Guardian editor Alan Rusbridger raised what he said was a little known fact about phone hacking evidence, in yesterday’s press regulation debate in the House of Lords.
He had been told by Metropolitan Police Assistant Commissioner Yates, he said, that the police only considered the interception of phone messages an offence if they hadn’t been listened to.
Once messages were stored after they were listened to by the recipient, subsequent access by a third party was not considered a criminal offence. The public should be aware of the “narrow definition” of phone hacking, the Guardian editor warned.
As reported in last week’s Culture, Media and Sport select committee report:
“The police also told us that under Section 1 of the Regulation of Investigatory Powers Act (RIPA) it is only a criminal offence to access someone’s voicemail message if they have not already listened to it themselves. This means that to prove a criminal offence has taken place it has to be proved that the intended recipient had not already listened to the message. This means that the hacking of messages that have already been opened is not a criminal offence and the only action the victim can take is to pursue a breach of privacy, which we find a strange position in law.”
The committee recommended that “Section 1 of the Regulation of Investigatory Powers Act is amended to cover all hacking of phone messages”.
“Narrow definition” line is a “convenient PR shelter for Scotland Yard”, argues Davies
The Guardian’s evidence of widespread phone hacking attempts contradicted police reports that only a ‘handful’ of victims had been targeted, so Scotland Yard is trying to “justify its position” by raising the narrow legal definition of the criminal offence, Guardian journalist Nick Davies told Journalism.co.uk.
Davies also challenges the legality of any kind of phone hacking:
“The narrow legal definition is highly contentious. The idea is that it is illegal to listen to somebody’s voicemail only if they have not themselves already heard it. This not written in the law at all; it was clearly not parliament’s intention. It’s an interpretation – not one that has been tested and accepted by a court, simply something that was said during a legal conference at the Crown Prosecution Service while the police were investigating the original case.
“It was said by David Perry, Crown counsel in the case, but he didn’t even produce a written opinion and never mentioned it in court when [Clive] Goodman and [Glenn] Mulcaire came up.” A future court may or may not agree with this definition, Davies added. “At the moment, however, it is a convenient PR shelter for Scotland Yard who are embarrassed by their handling of the case.”

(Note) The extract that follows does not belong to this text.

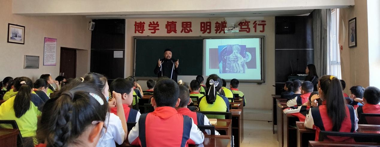 杜留亚以“铁扇公主战哪吒”作品展开讲解。两位喜闻乐见的动画角色激起了同学们的浓厚兴趣,眼睛瞪得大大的。杜老师以深入浅出的教学方式为同学们普及了动画的起源和发展,拓宽了同学们的知识面;尤其是自带教具“笼中鸟”的示范、互动的教学环节,效果极佳。伴随着下课铃声结束了“动画猜猜看”的游戏,同学们意犹未尽。
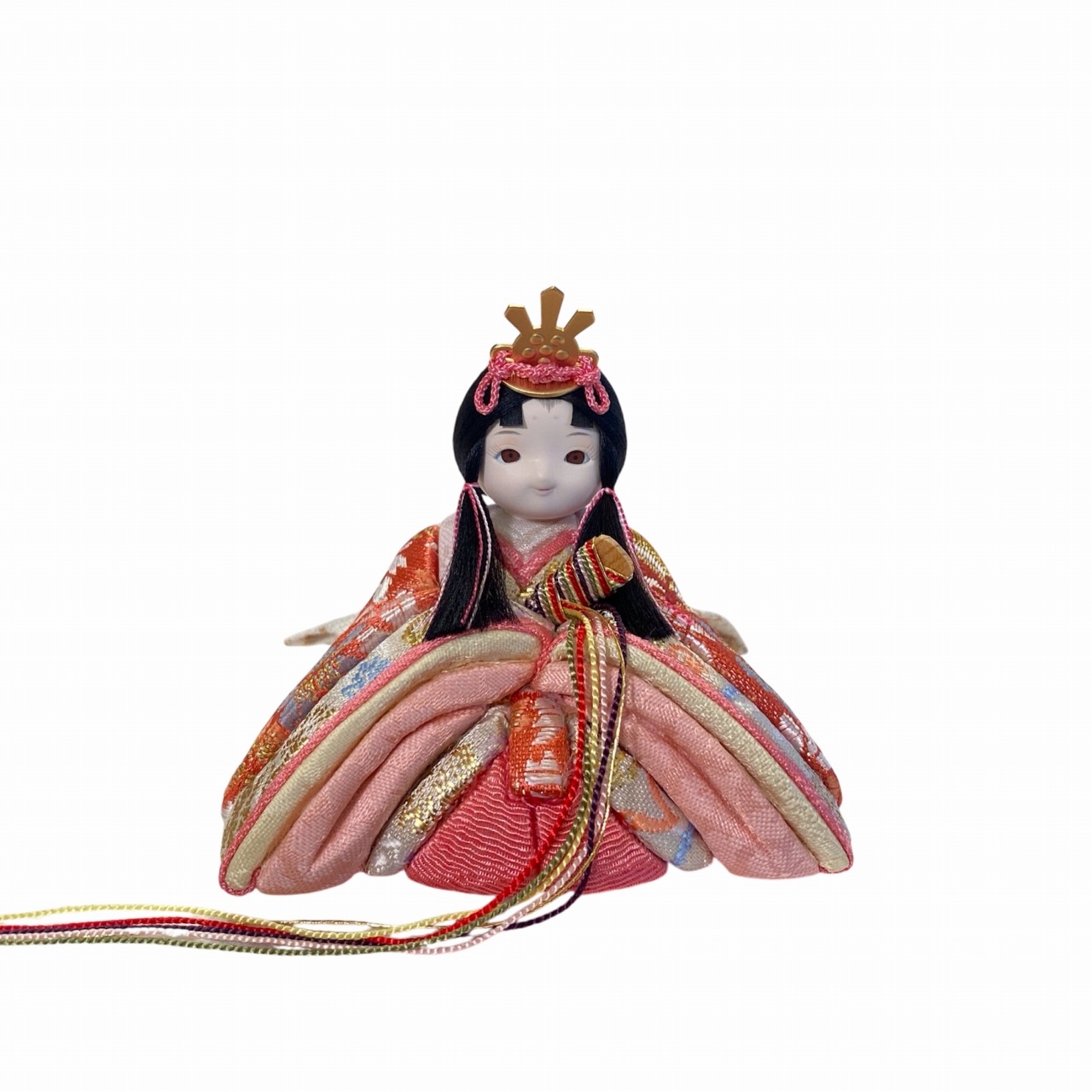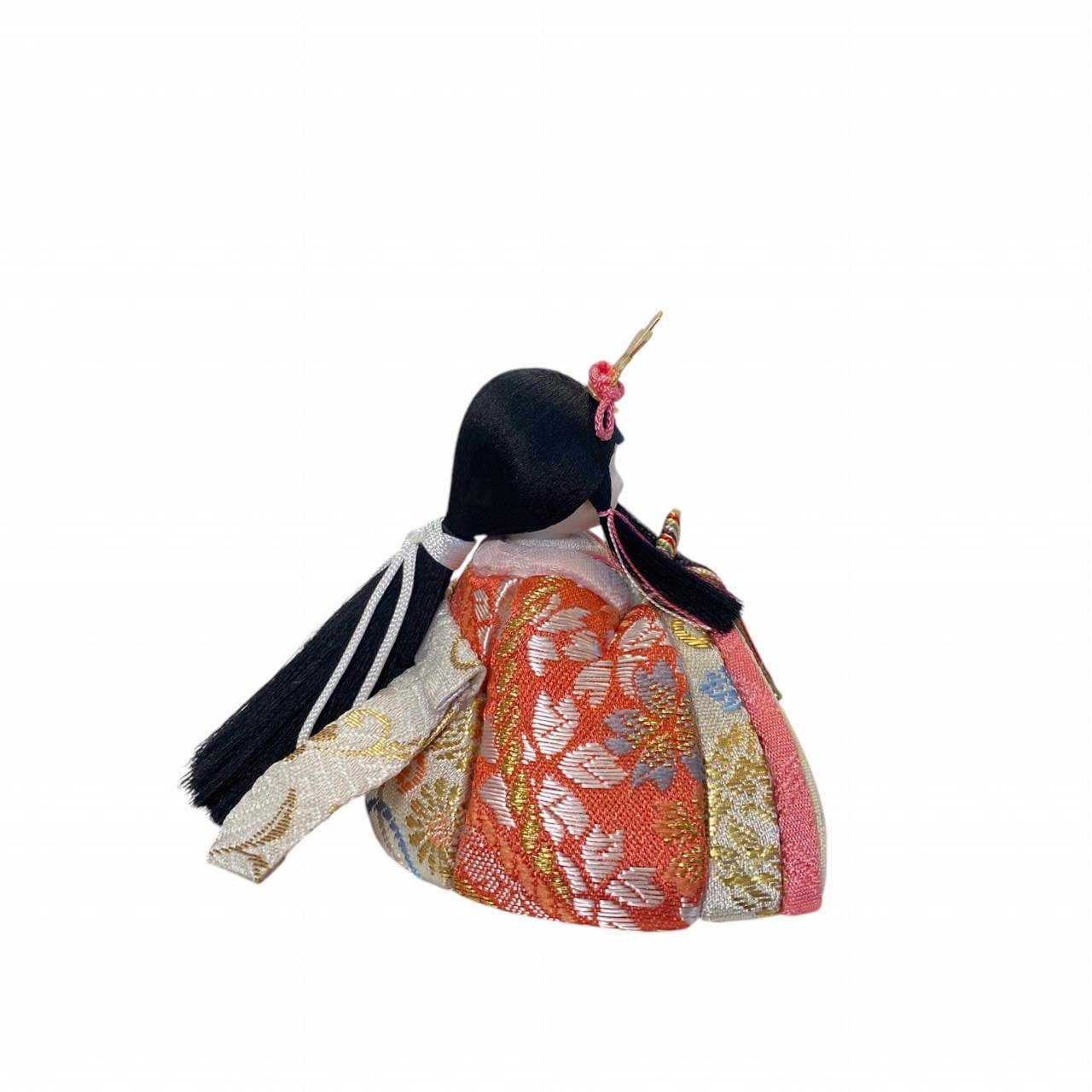 【インスタグラム掲載商品】小さな木目込み親王飾り雛人形。rico美琴(みこと)桜の花びらの柄で、人気の色味のお着物を着たお雛様です。

Satchwell claims phone hacking case has ‘grey areas’; challenges Guardian’s proof
The liveliest part of yesterday’s House of Lords debate came when executive director of the Society of Editors, Bob Satchwell, challenged some of the Guardian’s claims and insisted there were “grey areas” in the case.
Journalist Nick Davies vehemently disagrees: the black and white is there, he later told Journalism.co.uk, but newspapers and the Press Complaints Commission don’t want to see it.
“Satchwell says editors don’t know the truth about all the material confiscated by the Information Commissioner’s Office from [private investigator] Steve Whittamore in March 2003 because the ICO didn’t investigate it. That isn’t correct.
“The ICO analysed all the material and produced spreadsheets – one for each newspaper organisation – and the spreadsheets lists all of the journalists who asked Whittamore to find confidential information, all of the targets, all of the information requested, how it was obtained, how much was paid.
“The ICO and police worked together to prepare three court cases: one led to four convictions, the other two collapsed for technical reasons. You really can’t say that there wasn’t an investigation. Furthermore, when the new information commissioner, Christopher Graham, gave evidence to the media select committee, he said he would not publish the spreadsheets, but he clearly indicated his willingness to talk to any editor who got in touch in search of detail.”
No editor has asked for extra information from ICO
“I checked last week with the ICO as to how many editors had now got in touch to ask which of their journalists are named in the spreadsheets and also to ask whether the PCC had approached them and asked for information,” said Davies.
“The answer was that no editor and nobody from the PCC had asked.” Furthermore, Davies said, he had written detailed stories about the contents of the spreadsheets.
“So, if editors are still in a grey area on all this, it’s because they refuse to look at the facts in black and white, even though the facts are there for them.”